The capacity of the group to work together on a long-term perspective (more than a year) modifies completely the instrument from a form of savings to a tool for investment. There are no good or bad models: it’s matter of choice, of need, and competence as well. Small changes in the way people are financially included can significantly modify what this inclusion means for the people.
And what about social capital? In these forms of savings group, it is a by-product of regular meeting and sharing resources among peers. The emergency fund (mandatory in MUSOs, optional in VICOBAs) reinforces internal solidarity. The composition of groups drives the type of social cohesion: they can be tight groups of professionals (traders, tailors, farmers, etc.) or neighbors, or looser gathering of people living in the surroundings. The more members share needs and values, the more likely they are to have positive and responsible financial behaviors within the group, and the wider the effect will be on the community (through social investments for the benefit of the community for instance). The same goes for groups that were built around the need to cooperate, and where financial services have been added as additional features, although the process works in a different way.
Hi Marco
I find very interesting the MUSO experience in Haiti. The members can share needs and values thus promoting social cohesion
You said that the interest rate can be kept at lower rates than market level.

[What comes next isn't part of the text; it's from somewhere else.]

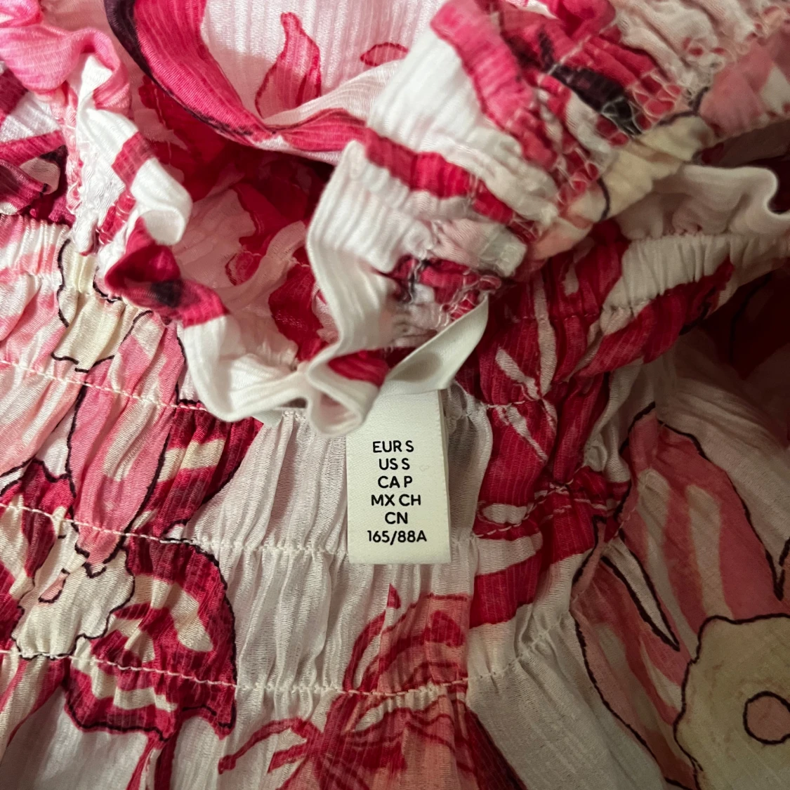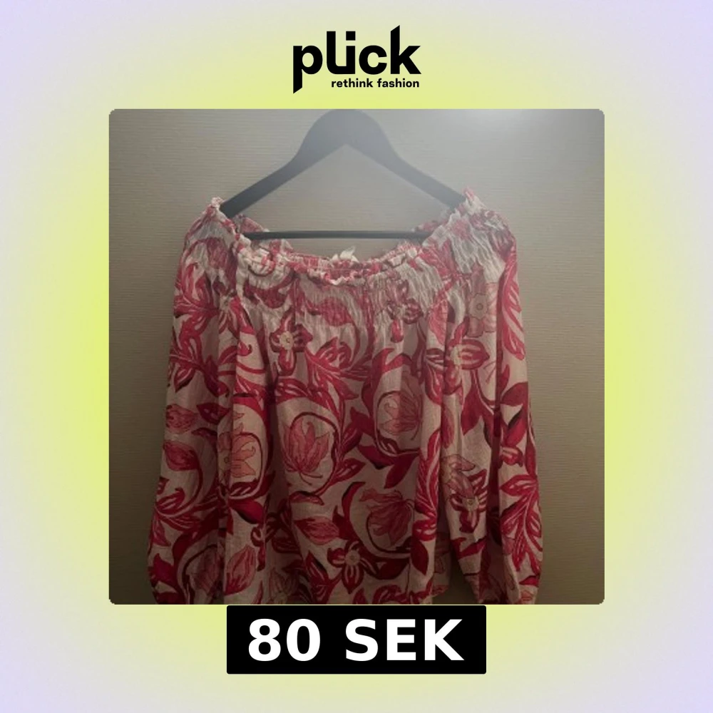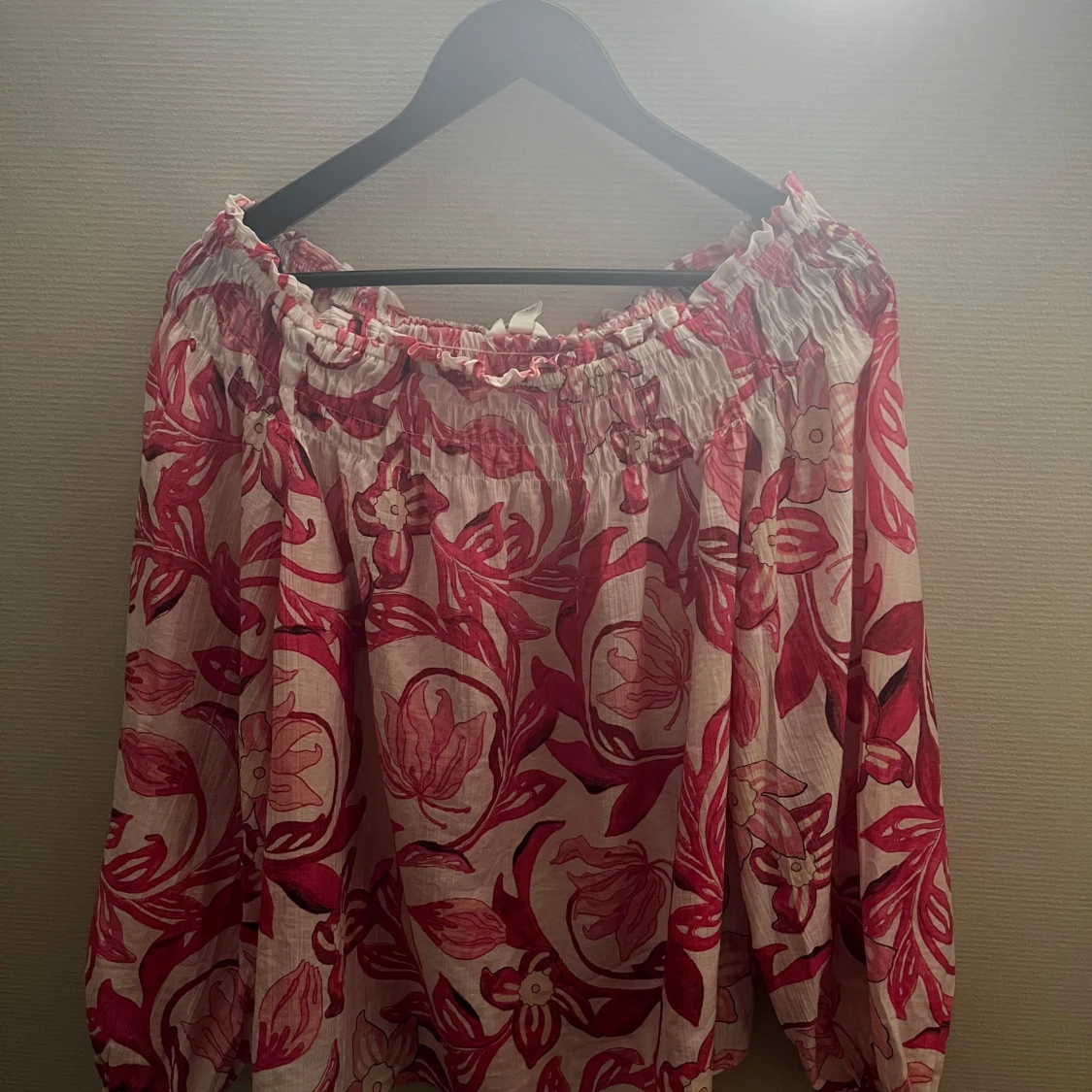 Supersöt blommig blus med offshoulder-modell i vitt och rosa. Lätt och luftig med resår upptill och långa ärmar. Perfekt för sommaren🩷🩷🩷

How low can it be (50% of commercial bank interests rate)?
Thanks
Hi Walter,
nice to get in touch with you again. Actually, the level of interest rate that a MUSO can charge depends of how the MUSO is organised, and how big it is. When a MUSO relies only on the money collected by members, it can usually charge lower interest rates, but loan amounts are limited. Indeed, several MUSOs directly take loans that they redistribute to their members, in order to be able to provide bigger -more interesting- loans. In that case, the final interest rate paid by the MUSO member will cover also the interest that the MUSO itself will pay to its lender. Therefore, it’s not easy to provide a general rule on how much lower interest rates charged by MUSOs can be compared to market level. Anyway, beware of a key aspect: the “market level” MUSOs should be compared to is not the one of commercial banks, which are totally inaccessible for a standard MUSO member, but the one of microfinance institutions and saving and loan cooperatives (caisses populaires), which are the real alternative, or further step in the financial inclusion process.